A Phi Beta Kappa graduate of Brandeis University, Margaret Salinger was awarded the Saval-Sachar scholarship for historical research. Salinger also has a M.Phil from Oxford University and attended Harvard Divinity School.
Chat Moderator: Thank you for joining us this morning, Margaret Salinger, and welcome to CNN.com.
Margaret Salinger: Thank you for having me. I look forward to chatting online. This is a new experience for me.
Chat Moderator: Please tell us about your new book, "Dream Catcher."
Margaret Salinger: It's slightly different than the traditional memoir. I wrote my own story first. I'm a historian at heart, and to really understand somebody, I like to put them in context. I did a lot of historical research and a number of interviews with the women in our family, including my father's sister and my mother.
There's a good bit of history that was certainly new to me about growing up in New York in the 20s and 30s as a half-Jew. I discovered a lot of things that I didn't know about anti-Semitism in America that took a lot of my father's, what I'd considered to be idiosyncrasies, and really made sense of them, put them in a context.
For example, in his books, he rails against Ivy Leagues and, in person, he has been quoted as saying, "I break out in a rash anytime I'm too close to Ivy," referring to Ivy Leagues. I always assumed this was one of daddy's things, one of his hot buttons. All of our parents have hot buttons.
But when I discovered the tremendous anti-Semitism that existed on the part of most respected and vocal persons in our society in the 20s and 30s, heads of universities -- about quota systems and the way they sound in a wonderful book called "Anti-Semitism in America" -- what was fascinating was what people said when they tried to say nice things about a Jew. This book had letters of recommendation for their Jewish students applying for jobs, who then became famous historians. They would say things like, "He's one of the few Jews that doesn't get on one's nerves." Or, "He's white in every way."
So, in many ways, the historical research I did took the man off the pedestal of this sort of myth that he sprang from nowhere, that he is a recluse not attached to any family or community or background, and put him squarely in the realm of human beings, which is not a bad place to be.

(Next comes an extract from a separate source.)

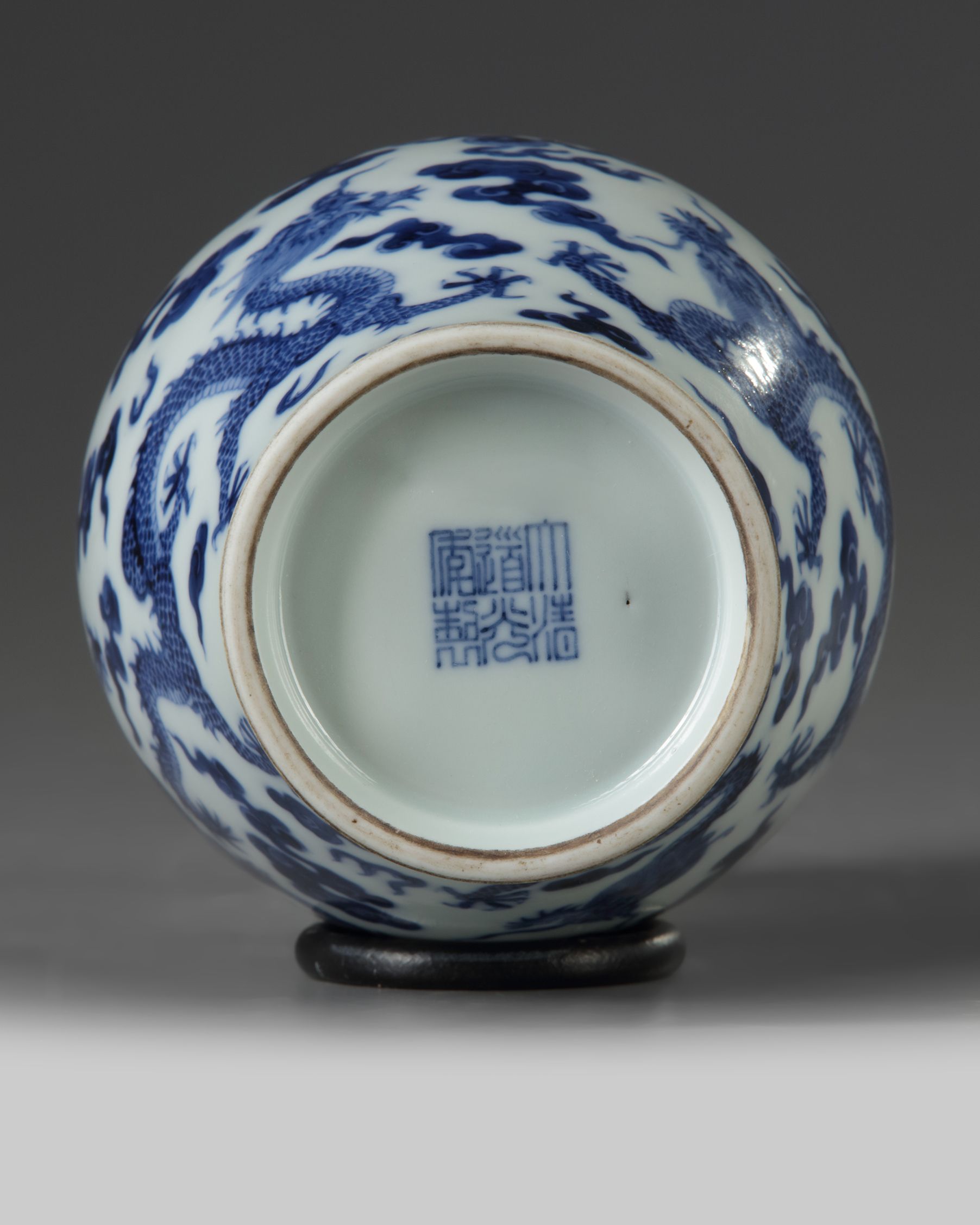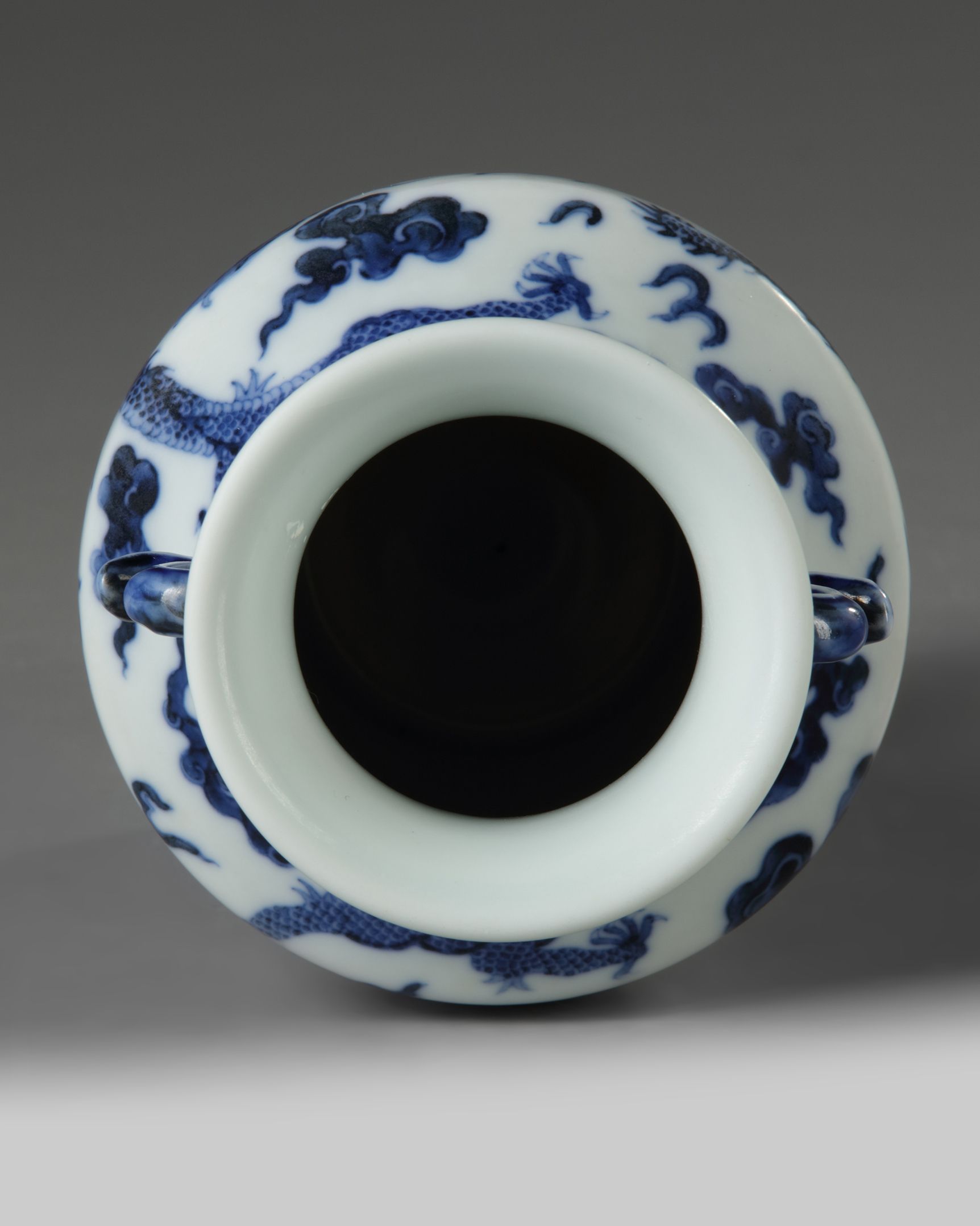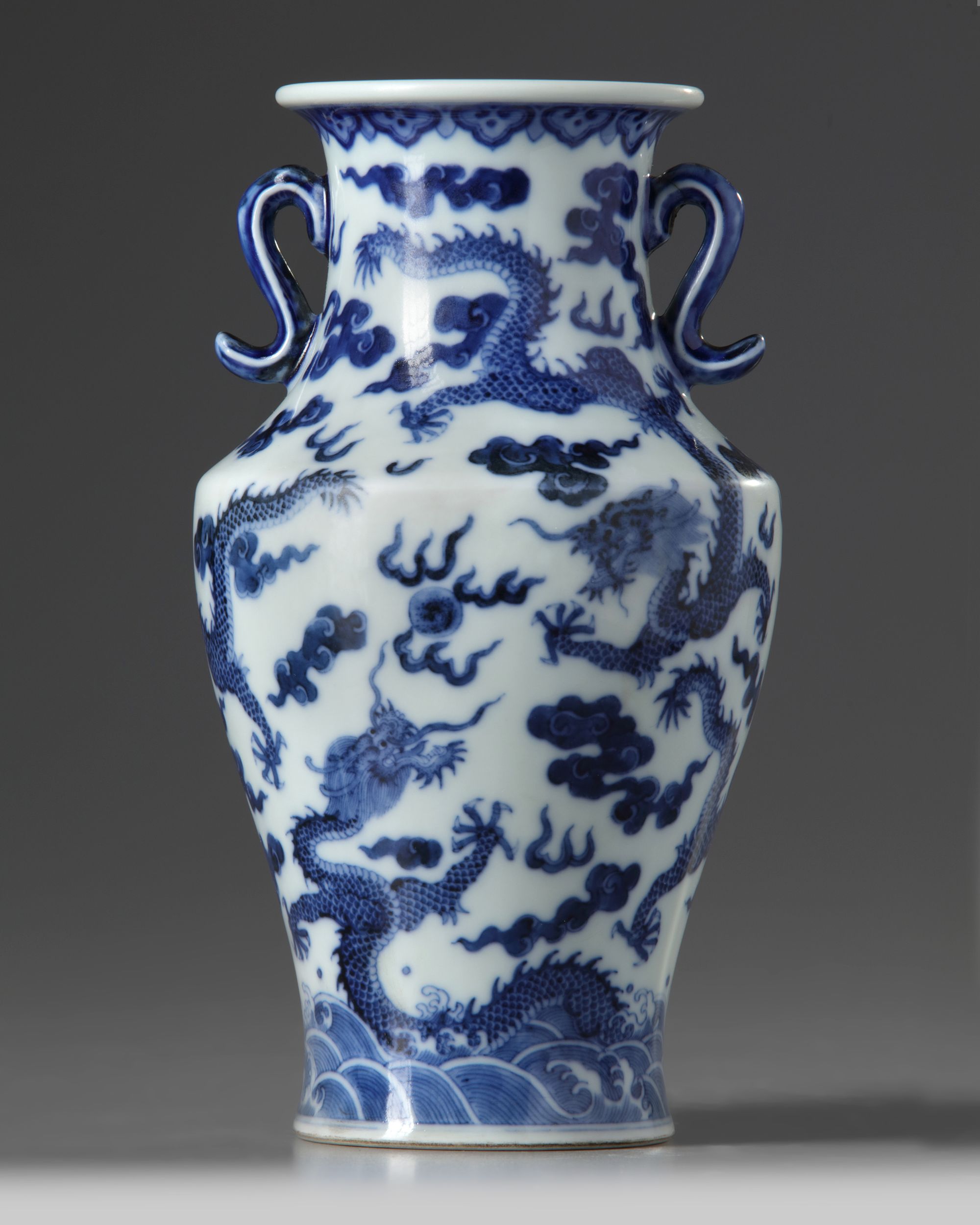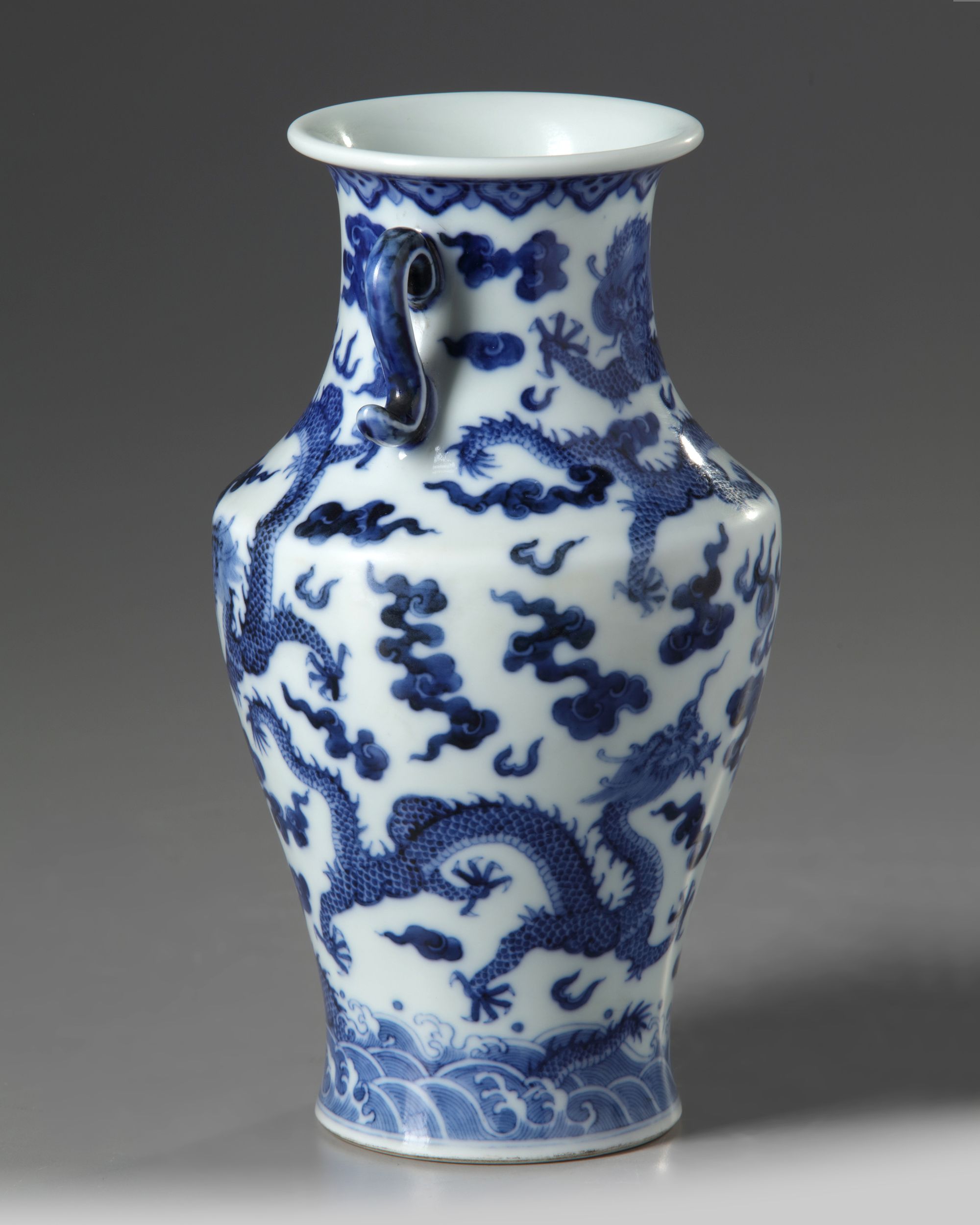The vase is decorated with two shaped handles at the neck, the body with five dragons chasing the flaming pearl amongst cloud scrolls above tumultuous waves. The base with a Daoguang mark in underglaze blue.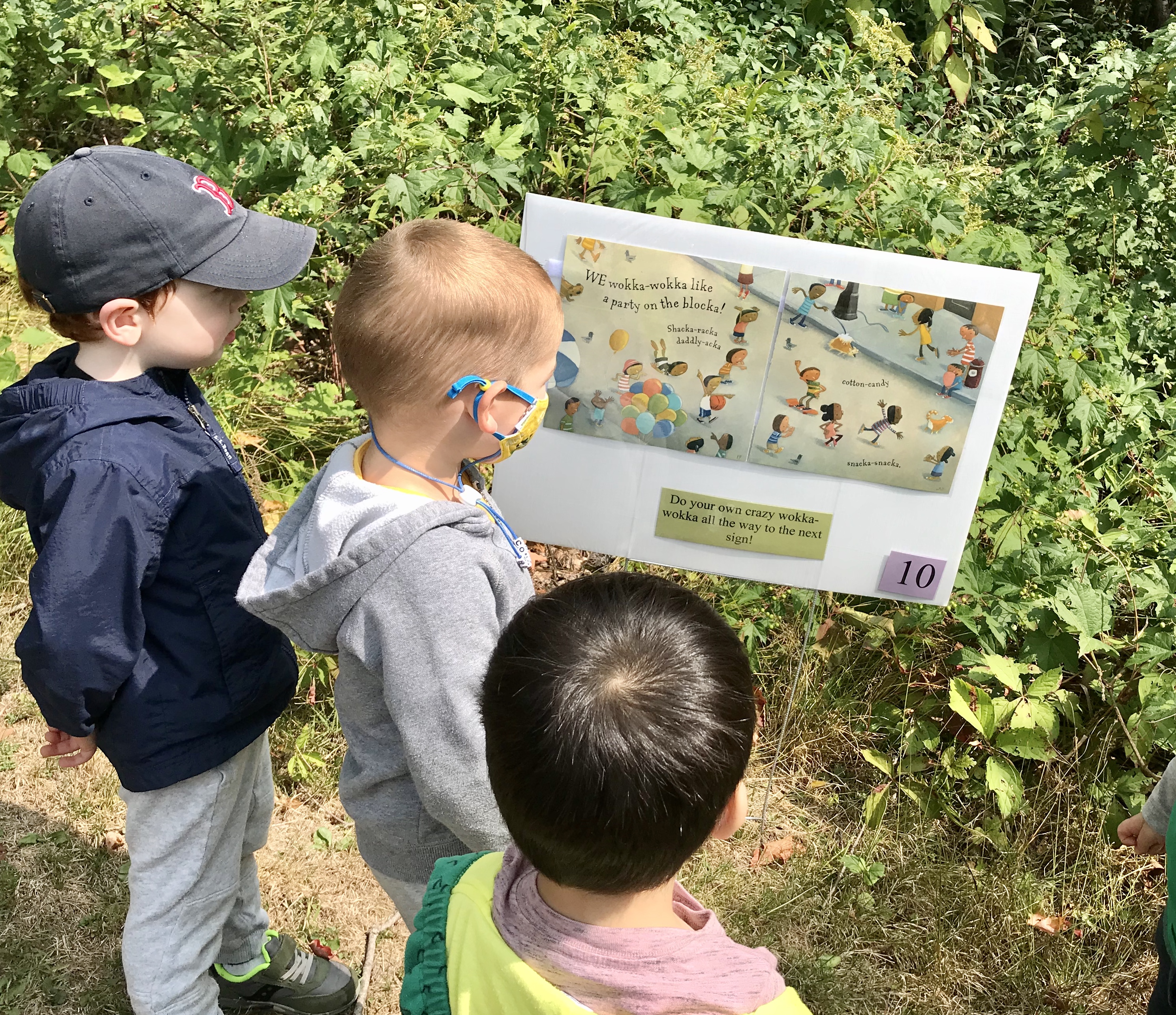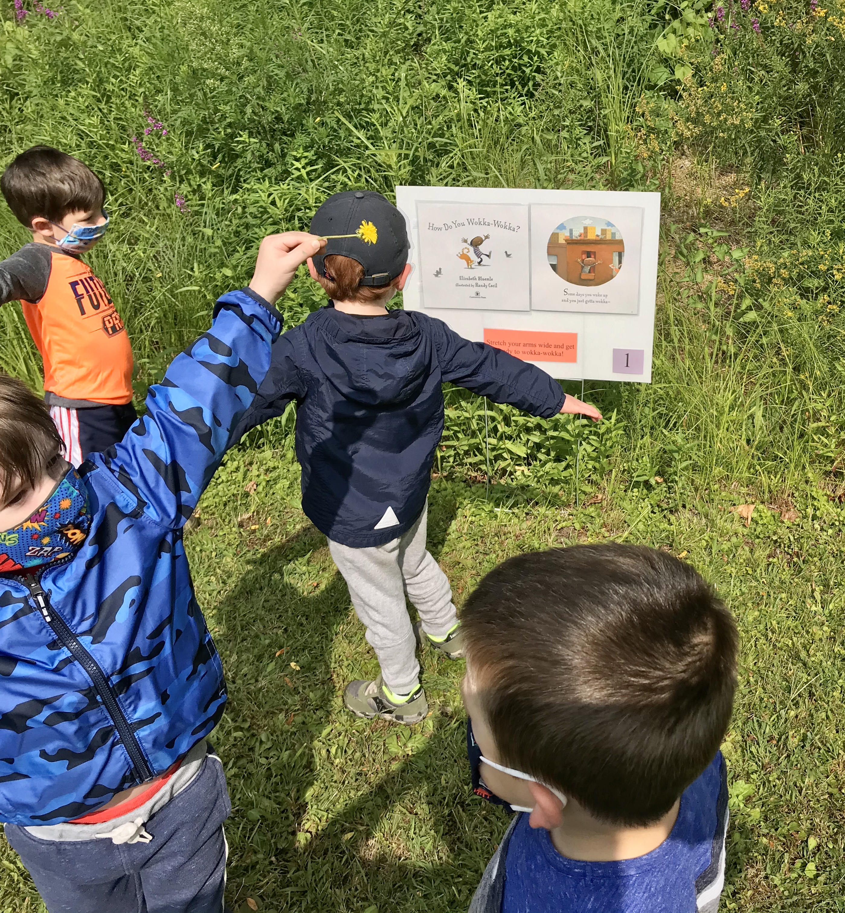We have a StoryWalk close to the playground.  There are twelve poster-size yard signs, each depicting a page in the book “How Do You Wokka-Wokka?” and challenging children to move in different ways.  Can you stand on one foot while raising your opposite hand?  Can you dance?  The book inspires movement, and is perfect for a StoryWalk.

I think you dehumanize someone when they are on a pedestal, and they become a projection of one's wishes, rather than who they really are.
Question from Elliemk: Why did you choose to write the book and have it published before your father died, instead of waiting until he died so he wouldn't be so upset?
Margaret Salinger: I think that's a very good question, and it's one that I thought long and hard about. I came to the conclusion that it would be cowardly of me. It felt a bit like stabbing someone in the back to talk about someone after they're dead. It seems dirty pool to me. I'd rather have someone say something to my face than behind my back.
I think intelligent people, moral people, can disagree and would come up with a different conclusion and feel it was the right thing to do to wait until he died. It felt wrong to me. After long thought, it felt like the right thing to do, to do it now while, if he wishes to, I can still take the heat.
Question from Tribe: Ms. Salinger, have you been in contact with your father? If not, is that your reason for a tell-all?
Margaret Salinger: First of all, I don't think it is a tell-all. I was speaking with Susan Stamburg from NPR the other day, and she said someone asked her if this was a "daddy dearest," which is what you think of with a tell-all. She said she thought it was a "daddy-why?" It's more an ask-all than tell-all, asking questions.
I have not been in contact with him since it hit the press that the book was coming out. Call me chicken. There hasn't been any formal, "Oh, we're not talking to each other." I want to wait until his anger subsides some, and he's had a chance to read the book, and then we'll see what happens.
Question from I: Ms. Salinger, is there an expectation to be a writer when you have a parent that is a writer? And was that a motivation to write a biography?
Margaret Salinger: Quite the opposite, I think. Certainly, in my family, that was what Daddy did. I didn't take English classes. I didn't do creative writing. It was trespassing on his turf. I did everything else BUT.
So, in a sense, becoming a writer was really, as one journalist said, "Could we look at it as a declaration of independence?" That is, I think, overly dramatic but, in a sense, it's true. We were supposed to be anything but writers. He was tremendously relieved when I went into business years ago.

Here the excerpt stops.